On a third visit, he can discuss genetic test results and set up genetic counseling. This would also be when he would begin chemotherapy if needed and evaluate patients for toxicity of their treatment so far. After these visits, treatment becomes more routine unless patients experience disease progression earlier than typical in mHSPC.

TRANSCRIPTION

0:10 | Ininitally, the first conversations include goals of care, prognosis, life expectancy, and treatment. In regards to treatment, the backbone of treatment includes medical or surgical castration. Most patients end up receiving ADT as a form of LHRH [luteinizing hormone-releasing hormone] agonist or antagonist. At the same time, we also have a conversation around germline and somatic testing. That helps us a little bit with prognostication for some patients. For others, it helps us to understand what therapies might be available down the line. But in general, the first conversation is around those points. We introduce the concept of castration to patients, which is not an easy concept to introduce.

1:00 | In general, I tend to get patients to come back to clinic roughly 3 or 4 weeks later. At that point in time, they might start experiencing some ADT-related adverse events. We want to go through them, spend time talking about those, and then introduce the concept of combination treatments, also known as treatment intensification, with an ARPI. So we'll get into this on our second visit. We'll be talking about what ARPIs we're considering, whether it's an anti-androgen or CYP17A1 inhibitor—so between enzalutamide, apalutamide or darolutamide or abiraterone acetate. That conversation does include the concept of volume and timing of metastatic disease, and whether or not we're thinking of adding chemotherapy to this combination regimen.

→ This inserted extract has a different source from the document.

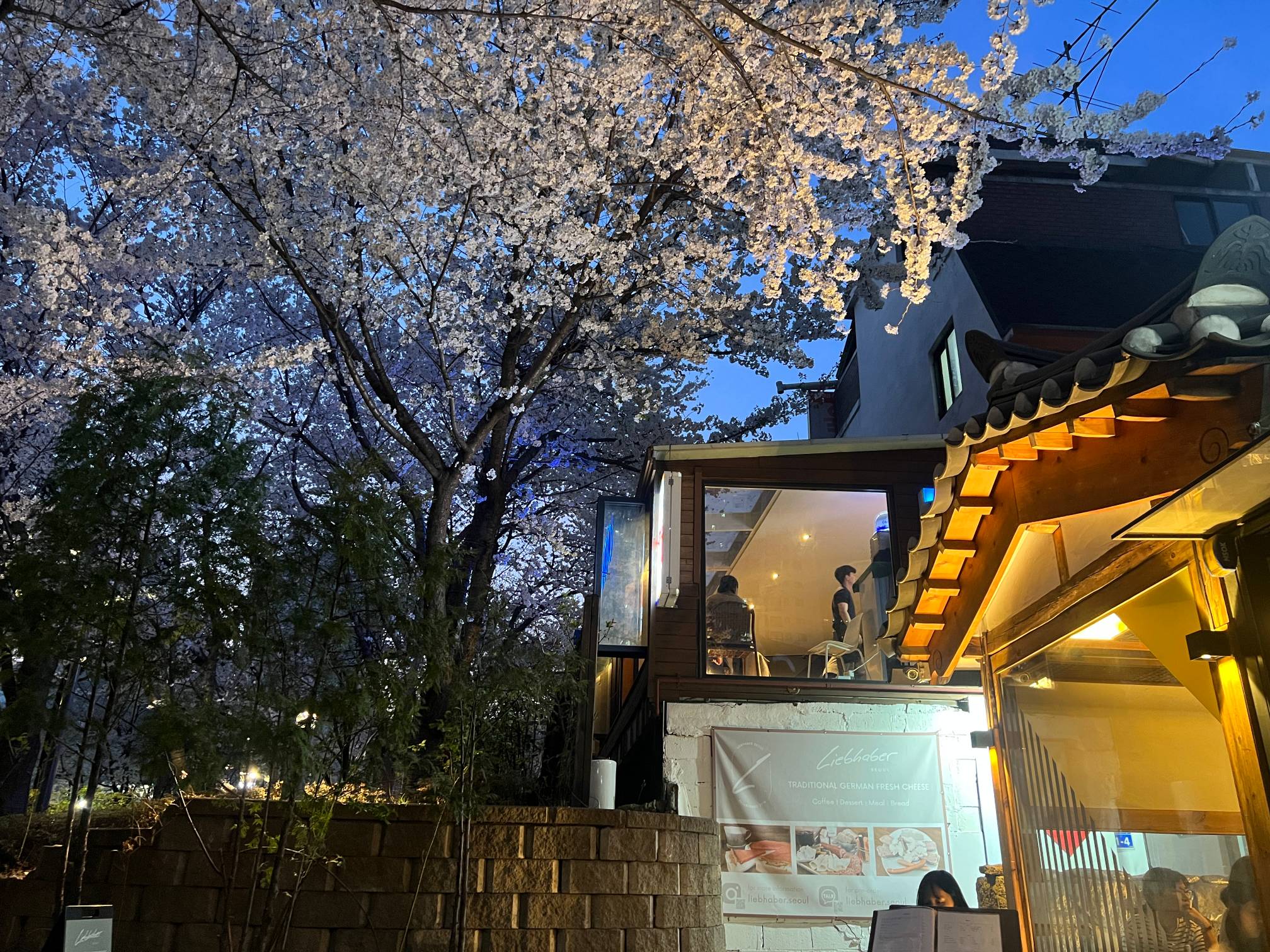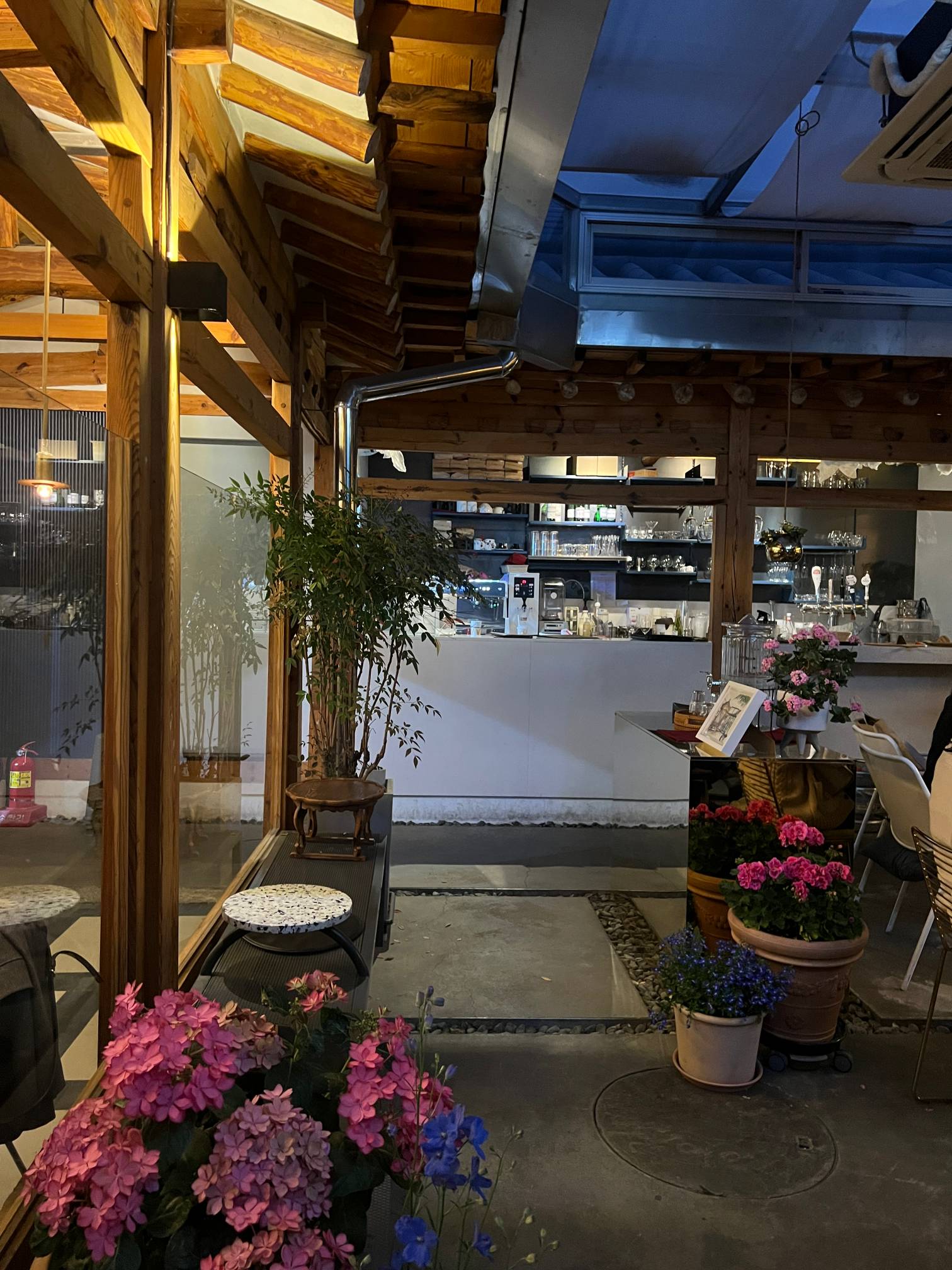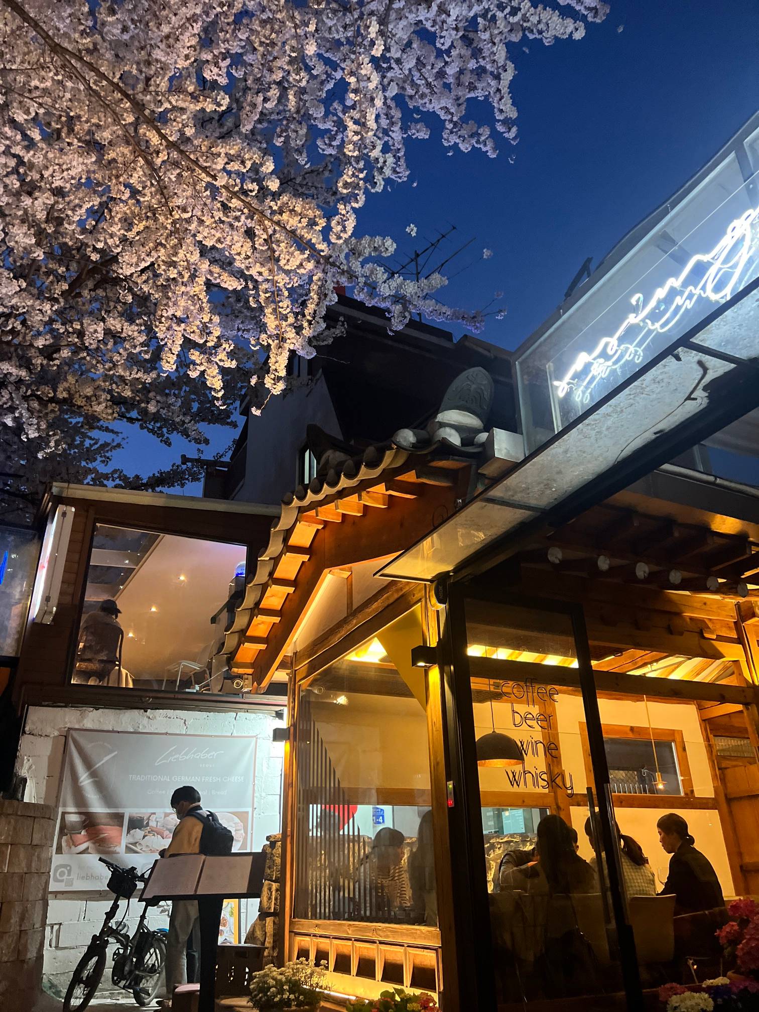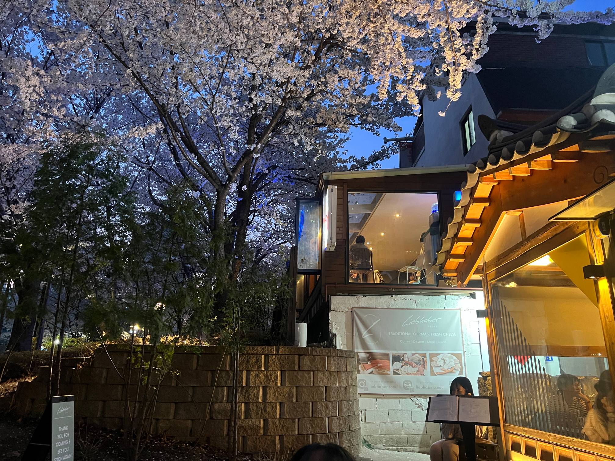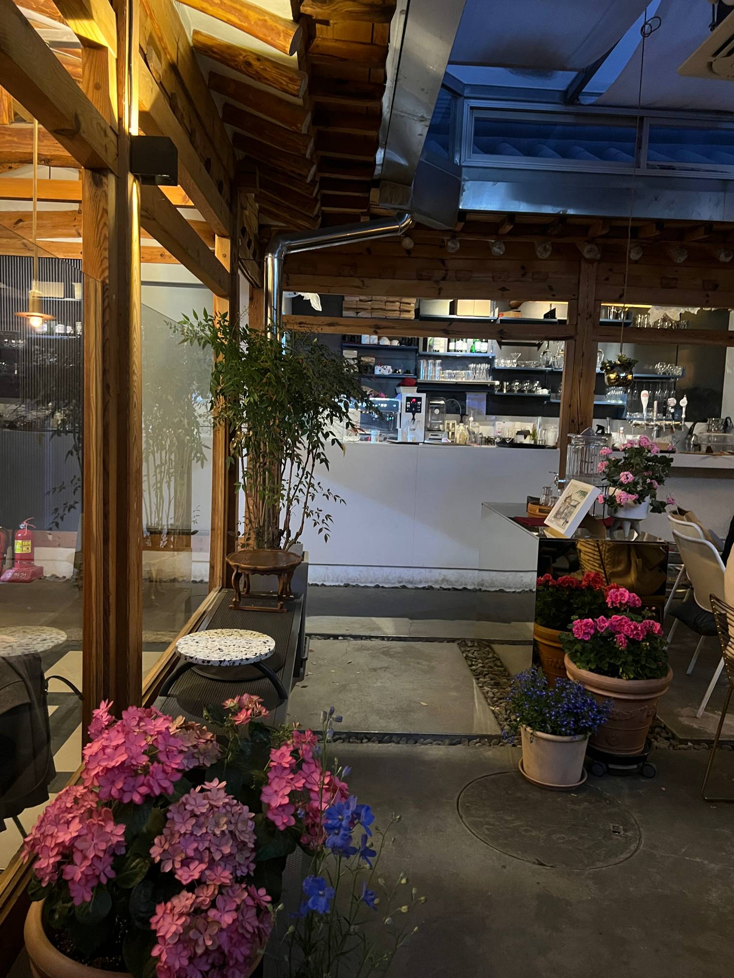전체적으로 분위기는 한옥으로 되어 있어서 굉장히 고즈넉한 느낌이 들고 꽃나무 사이에 자리하고 있기 때문에 벚꽃나무가 피는 시즌의 풍경이 굉장히 좋다.

1:53 | So, as we know, the data to support triple therapies include both abiraterone and darolutamide, and PEACE-1, as well as ARASENS and so from that perspective, it also helps us to walk through risks and benefits of the specifics of the ARPI, different safety profiles. And we end up deciding what ARPI we go on. We see this patient roughly 3 to 4 weeks later. At that point in time, we probably got genetic testing results, so we walk through what that means. We do the pretest counseling, but the posttest counseling for the positive germline results, we end up discussing how we're going to do that counseling, whether it's online or in person, so we get the proper referral. Then for patients who are being considered for triple therapy, that's when we introduce docetaxel, if that's the case, or if not, we are managing toxicity or checking for toxicity at that point.